Material provided Start Marker
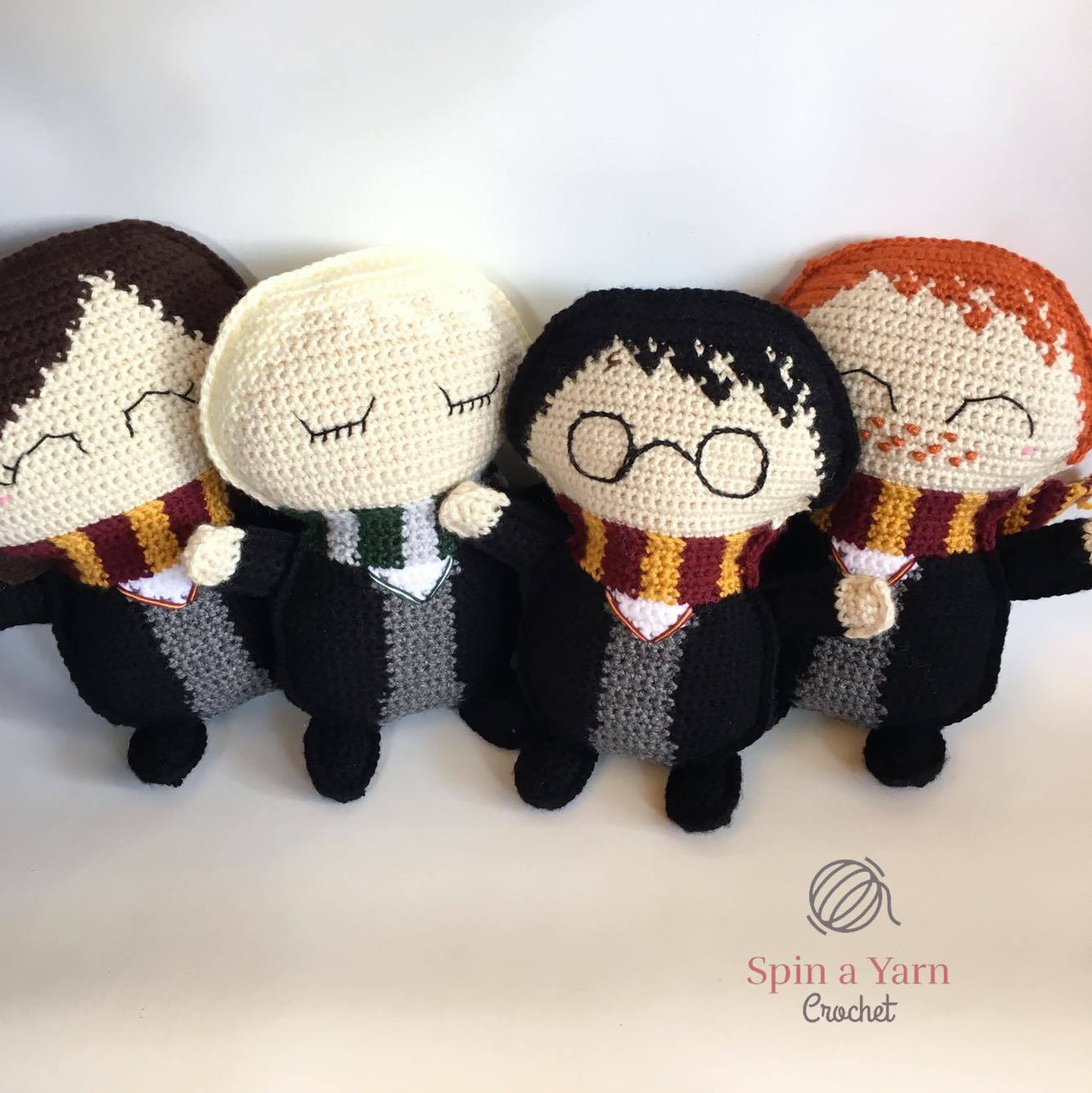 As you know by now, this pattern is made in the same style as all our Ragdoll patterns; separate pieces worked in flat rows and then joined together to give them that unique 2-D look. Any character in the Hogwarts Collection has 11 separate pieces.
Material provided End Marker
Material provided Start Marker
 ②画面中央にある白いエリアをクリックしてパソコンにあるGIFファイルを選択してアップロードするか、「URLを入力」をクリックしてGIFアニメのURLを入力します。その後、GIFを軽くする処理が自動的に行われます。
Material provided End Marker
Material provided Start Marker
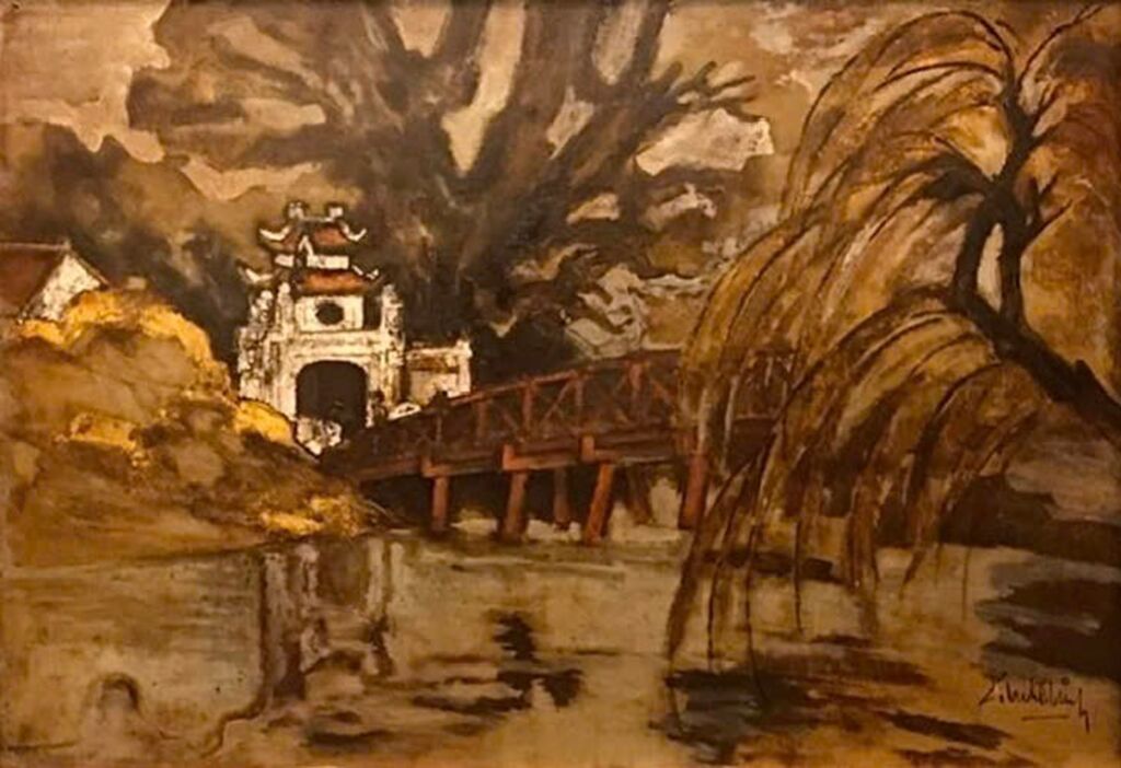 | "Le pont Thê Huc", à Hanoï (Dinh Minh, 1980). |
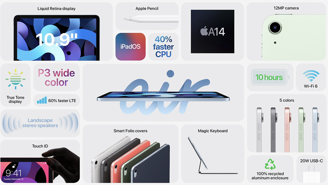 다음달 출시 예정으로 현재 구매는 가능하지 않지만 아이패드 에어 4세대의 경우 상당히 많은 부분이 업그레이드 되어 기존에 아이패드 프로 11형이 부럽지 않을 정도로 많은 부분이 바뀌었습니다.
Material provided End Marker
- **Task objective**: Copy exactly the part of the material above that opens with the line containing "Minh, 1980). |" and closes with the line containing "다음달 출시 예정으로", ends included. Drop the images.

- **Solution to this task**:
 | "Le pont Thê Huc", à Hanoï (Dinh Minh, 1980). |
 다음달 출시 예정으로 현재 구매는 가능하지 않지만 아이패드 에어 4세대의 경우 상당히 많은 부분이 업그레이드 되어 기존에 아이패드 프로 11형이 부럽지 않을 정도로 많은 부분이 바뀌었습니다.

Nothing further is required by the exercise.